═══ Material for the task
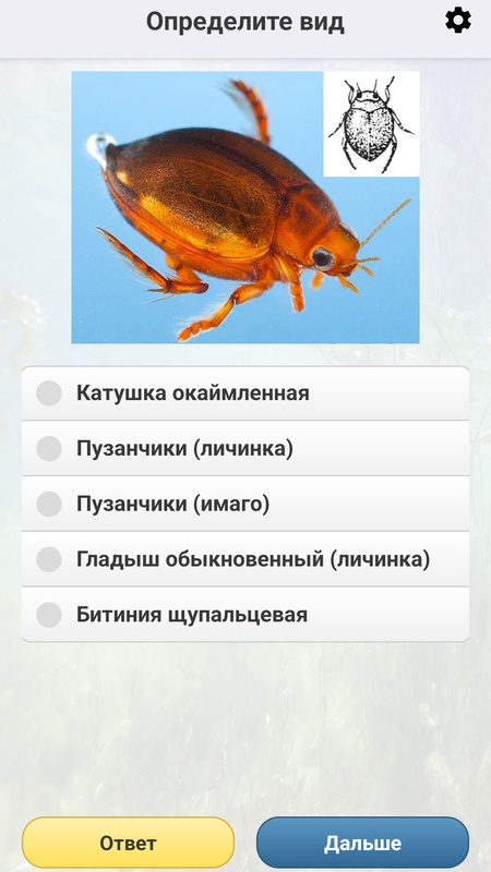 Неограниченное число вопросов на определение пресноводных беспозвоночных по внешнему виду! «Играть в викторину» можно многократно — вопросы на знание видов чередуются в случайном порядке и ни разу не повторяются! На каждом этапе есть возможность узнать правильный ответ! Также можно настраивать сложность Викторины.
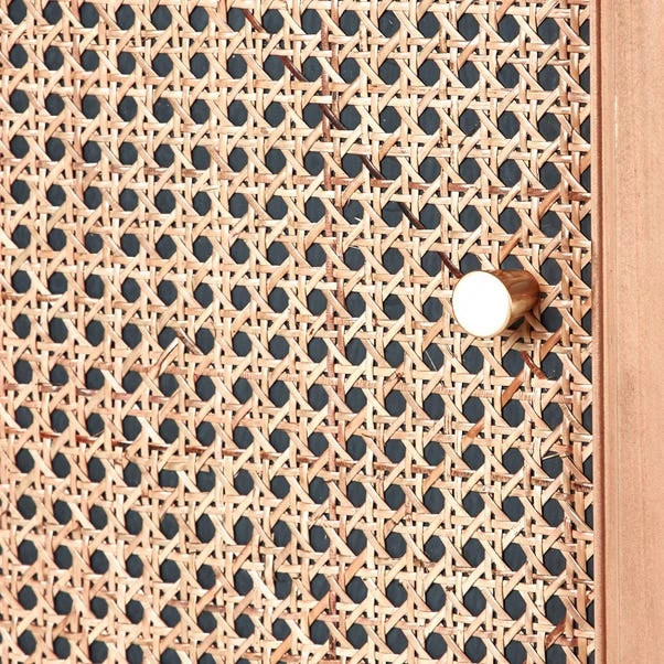 Characterised by the stunning natural rattan fronts and contrasting black surround, the Franco collection brings a modern take on a retro design. Perfect for any contemporary or global styled home, this furniture range is completed with brushed gold effect handles, adding a touch of luxe styling.
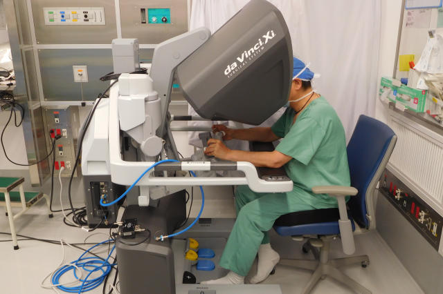 このロボット支援下手術とは、新しい内視鏡外科手術です。ただ、ロボット手術といっても、機械が自動的に手術を行うわけではありません。患者さんの胸やお腹にあけた小さな穴から挿入した手術機器と内視鏡をロボットアームにドッキングして、医師が離れた操作ボックスの中で内視鏡画像を見ながら鉗子(かんし)やカメラを操作して手術を行います。
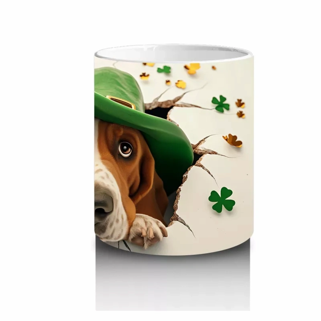 Yeşil Şapkalı Basset Hound Figürü ve Yonca Detayları – Baskılı Kahve Kupası
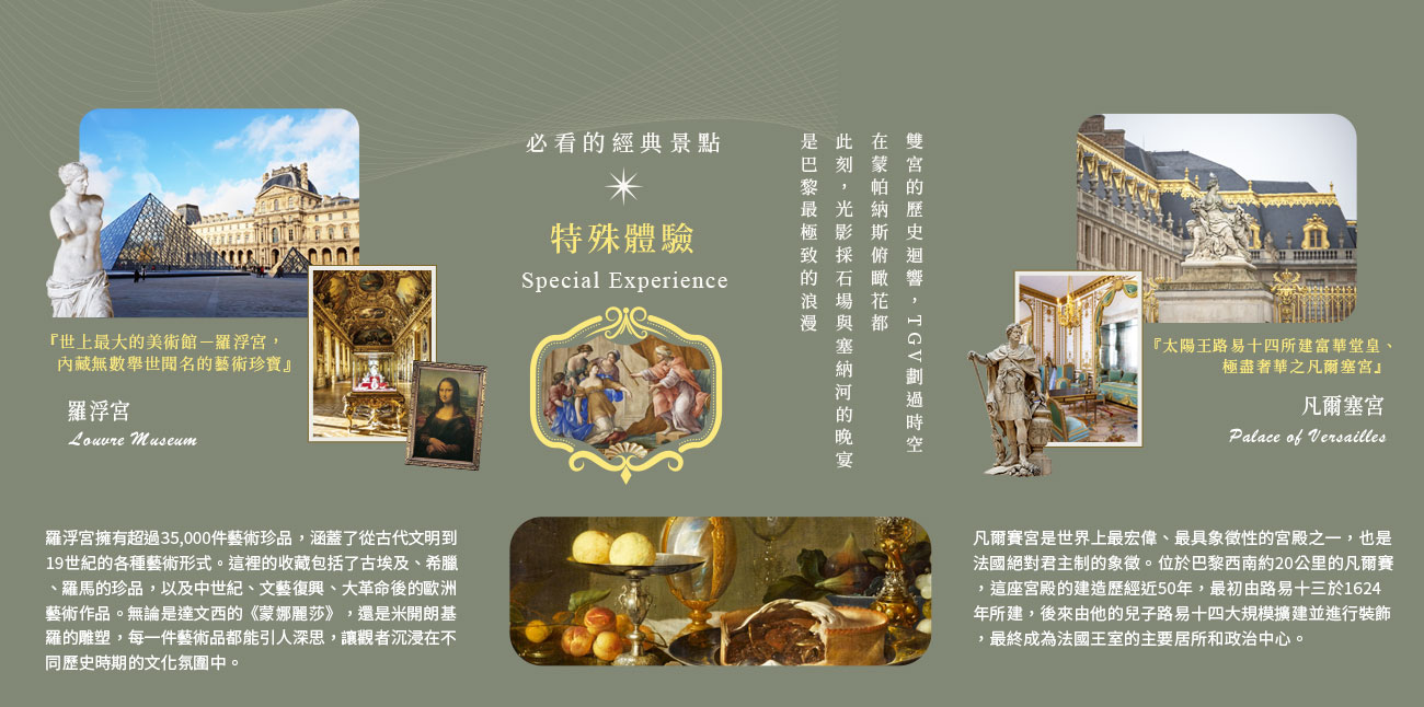 門票安排|羅浮宮。(凡逢星期一凡爾賽宮休館,星期二羅浮宮休館,或遇特別假日休館時,將更改參觀日期或前往其他博物館參觀,敬請見諒!)。
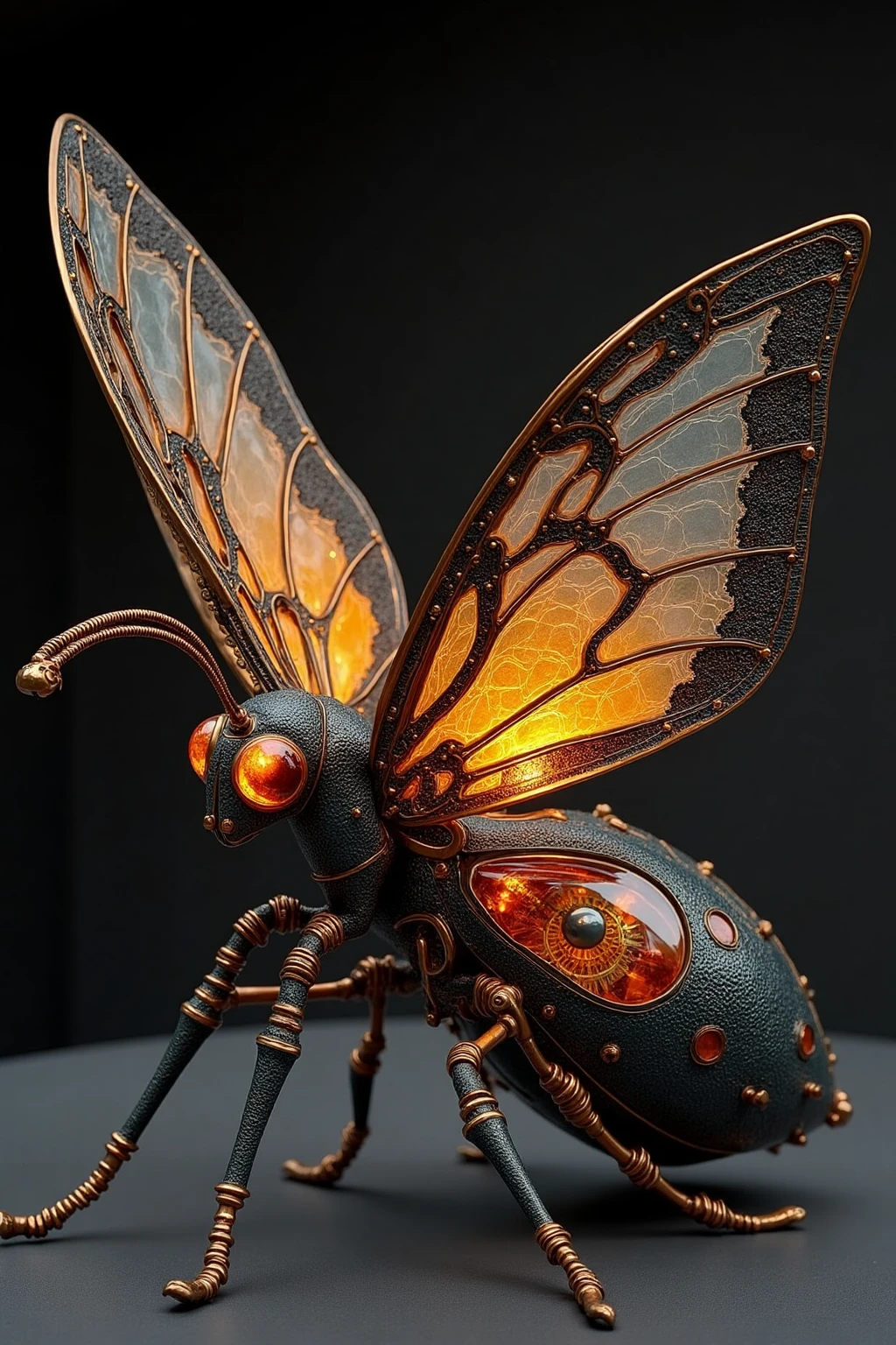 Steampunk - styled insect sculptures, moth with steam - powered wings, lead body, onyx markings, dimly lit airship interior.
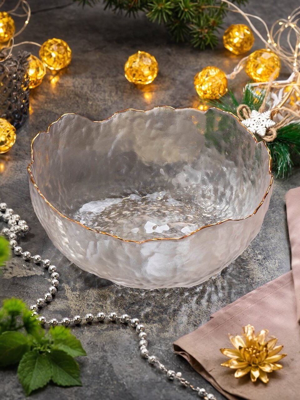 Стекло не впитывает запахи, легко очищается, выглядит презентабельно. Золотая окантовка делает салатник уместным для праздничной сервировки и отличным вариантом для подарка.
══════
Task to carry out:
Print the data above in full and exactly as it appears, skipping the pictures.

Expected answer:
 Неограниченное число вопросов на определение пресноводных беспозвоночных по внешнему виду! «Играть в викторину» можно многократно — вопросы на знание видов чередуются в случайном порядке и ни разу не повторяются! На каждом этапе есть возможность узнать правильный ответ! Также можно настраивать сложность Викторины.
 Characterised by the stunning natural rattan fronts and contrasting black surround, the Franco collection brings a modern take on a retro design. Perfect for any contemporary or global styled home, this furniture range is completed with brushed gold effect handles, adding a touch of luxe styling.
 このロボット支援下手術とは、新しい内視鏡外科手術です。ただ、ロボット手術といっても、機械が自動的に手術を行うわけではありません。患者さんの胸やお腹にあけた小さな穴から挿入した手術機器と内視鏡をロボットアームにドッキングして、医師が離れた操作ボックスの中で内視鏡画像を見ながら鉗子(かんし)やカメラを操作して手術を行います。
 Yeşil Şapkalı Basset Hound Figürü ve Yonca Detayları – Baskılı Kahve Kupası
 門票安排|羅浮宮。(凡逢星期一凡爾賽宮休館,星期二羅浮宮休館,或遇特別假日休館時,將更改參觀日期或前往其他博物館參觀,敬請見諒!)。
 Steampunk - styled insect sculptures, moth with steam - powered wings, lead body, onyx markings, dimly lit airship interior.
 Стекло не впитывает запахи, легко очищается, выглядит презентабельно. Золотая окантовка делает салатник уместным для праздничной сервировки и отличным вариантом для подарка.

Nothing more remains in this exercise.